Chocolate chip, extreme close-up
Peanut Butter cookies and Thumbrint cookies
It's Christmas time, which means that it's Cookie Time for me. When I was little, every year around this time I remember coming home and being surprised by a big tray of Christmas cookies made by my grandma. My favorites were the sugar cookies, cut out in Santa faces and frosted with her special handmade frosting. It is delicious. It tastes like confectioner's sugar, but hardens like a royal icing. I've never been able to recreate it, despite numerous attempts. Usually, the frosting is on a white cake we call Sugar Cake, for obvious reasons. The last few years, I've taken over some of the baking responsibilites, and now my little cousins look forward to my cookies for Santa. (Hey, if there's one way to get in with the little kids, passing out cookies is it!). However, I really suck at rolling out cookie dough and decorating cookies like you'll see in the fancy bakeries, so I make due with Wilton's pre-made icing and a kick-ass collection of sprinkles. Hooray for Williams-Sonoma!
Also, we hand out cookies to the various groups I work with at work. We get a few of us together, each bringing in a TON of our own specialty cookies, and make big trays of delicious sugary goodness. So, on top of the normal cookie load (a couple dozen- one to two batches- of about five or six varieties), I'll make about five dozen chocolate chip cookies and probably buy a couple extra boxes of the good store-bought ones for good measure. Everything baked is frozen until needed. Really, a week and a half won't ruin anything. The trays we made last year were HUGE, and a really big success. It's nice to give back to people who work hard all year and don't always get the thanks for it. However, this year participation seems a little low- I hope it picks up again, because the trays are going to be a little sparse.

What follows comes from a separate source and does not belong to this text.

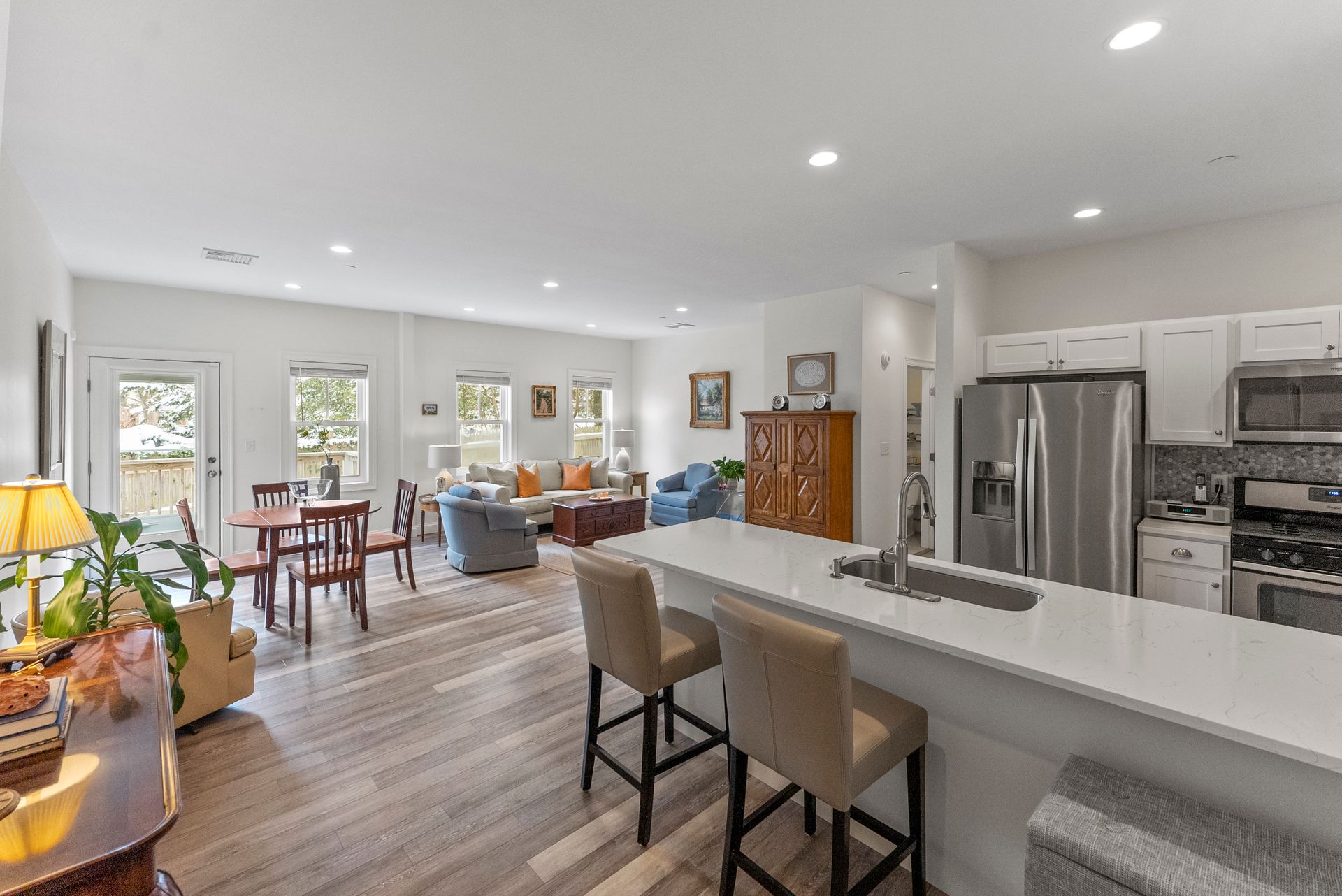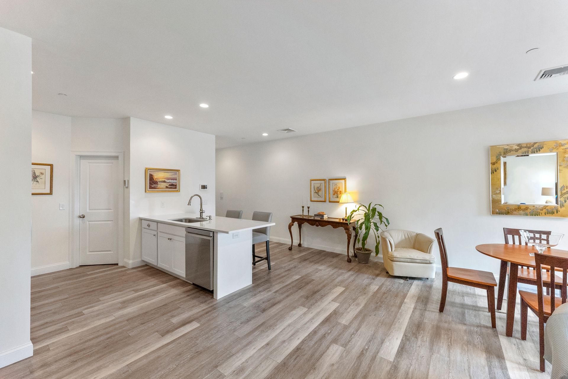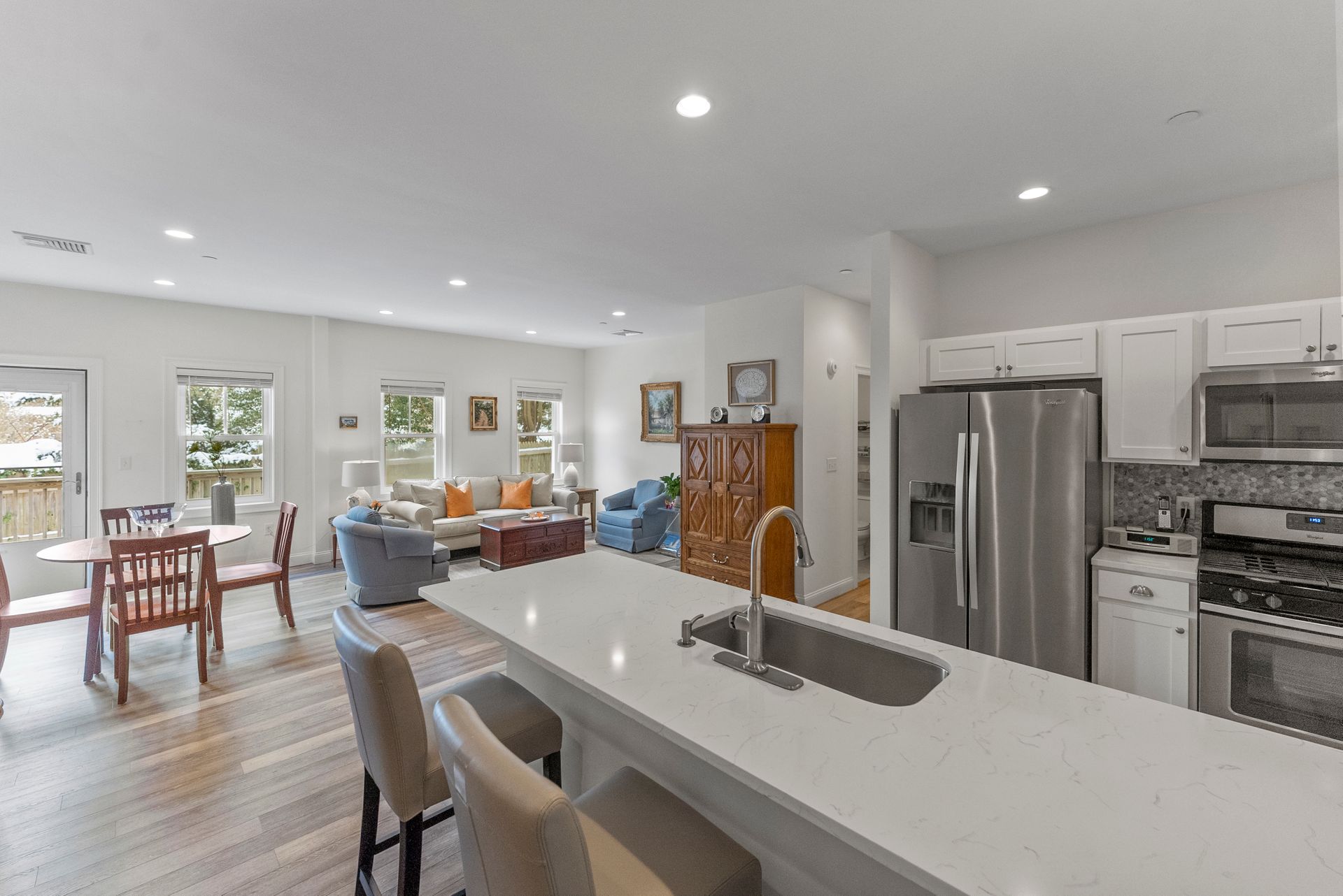 Knapp Place Condominiums, named after the old Knapp Elementary school, has been beautifully renovated into an 18-unit community, offering modern, one-level living with ample natural light throughout. This pristine condo features an open floor plan, creating a bright and inviting atmosphere. The spacious kitchen is equipped with energy-efficient stainless steel appliances, quartz countertops, custom cabinetry, and a large walk-in pantry. The living room seamlessly flows into the dining area and private deck, perfect for entertaining. The generous primary bedroom boasts an en-suite bathroom with a double vanity. Enjoy the added conveniences of a home office / flex space / guest area, half bath with tile floor, large storage closet and in-unit washer and dryer. The home is equipped with E&L smart home security monitoring, central air, natural gas, and town water/sewer for ultimate comfort and efficiency. Outside you will find a vast lawn and fire pit amenities. One designated parking space is included, with additional guest parking available. Located in the northern village of Historic Downtown Plymouth, Knapp Place offers an unbeatable location close to the ocean, walking and bike paths, Nelson park / beach, conservation areas, marina, and a variety of shops and restaurants. Experience the ease of living in a thoughtfully designed community and all the charm that downtown Plymouth has to offer!
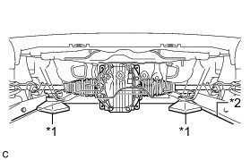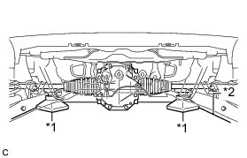 (b) Support the rear differential carrier and rear drive shaft assemblies using a jack and 2 attachments as shown in the illustration.

In other news, I finished a project from a book my sis got me for my birthday! They're cable mittens. I didn't follow the pattern, just used the cable suggested and winged it from there. They turned out great, and I can't wait to wear them:
Elegant-and-Easy Cable Mittens for the Whole Family
Book: 101 Designer One-Skein Projects
Yarn: Patons SWS, 2 balls with half of each used up
Needle: US 4, two at a time top-down
I also made a hat to match, but it turned out too small. Like, it didn't even cover my ears. Ooops. Apparently, I need a new formula for guessing where to start my decreases, since my usual one (this looks long enough, better start my decreases!) isn't working. Sigh.